Objectives: The primary objective is to understand the relationships between the rate of heart disease related deaths and various factors. Medical research shows that these factors may include smoking, overweight and obesity conditions, health care expenditures, and age. This exercise aims to derive such relations between heart disease related deaths and these factors by using simple graphical and statistical tools.
Data sources: There are
four datasets derived from two different sources for this exercise.
Below are brief explanations for each of these datasets. The links will
take you directly to these datasets. Further explanations on
downloading and formatting the datasets will be provided in the next
section.
Data Retrieval:
This dataset includes the number of annual deaths per 100,000 people that are caused by some kind of a heart disease. The dataset is for the year 2004 and covers the whole U.S. at the state level.
Link:
http://www.statehealthfacts.org/comparemaptable.jsp?cat=2&ind=77
Instructions:
1. Click on the link.
2. The opened page should include a table called Number of Heart Disease Deaths per 100,000 Population, 2004. Be sure that the table is sorted alphabetically by state name.
3. Scroll down and select "Download these Data". You will be prompted to either save the file or open it: open the file with Excel. You may need to delete some blank rows at the top of the file. Save this data in your project directory, changing its default name from rawdata.txt to heart.xls. Note the file extension change when saving: make sure this file is a "Microsoft Office Excel Workbook".
4. Replace the column name with "Death Rate"

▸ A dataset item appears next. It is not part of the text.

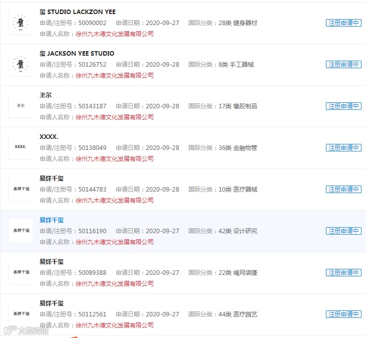 据企查查搜索得知“荣耀美肤”申请类别为44类医疗园艺范畴,商标状态为注册申请中。之前也申请过多次不过都是被一一驳回。

5. Open a new spreadsheet in Excel, and save it. You may call it heartdisease.xls.
6. Save the spreadsheet, and close the web page.
Percent of
Smokers:
This dataset represents the percentage of people that are smoking in each state out of its whole population. These are the people who answered yes to the question "do you smoke cigarettes now?," in the year 2007.
Link:
http://www.statehealthfacts.org/comparemaptable.jsp?ind=80&cat=2
Instructions:
1. Click on the link and find the "Adult Smoking Rate" data link on the left hand menu under "Smoking" in the Health Status category.
2. The opened page should include a table called Percent of Adults Who Are Smokers, 2007. Be sure that the table is sorted alphabetically by state name.
3. Scroll down and select "Download these Data". You will be prompted to either save the file or open it: open the file with Excel. You may need to delete some blank rows at the top of the file. Save this data in your project directory, changing its default name from rawdata.txt to smoking.xls. Note the file extension change when saving: make sure this file is a "Microsoft Office Excel Workbook".
4. Replace the column name with "Smoking Rate".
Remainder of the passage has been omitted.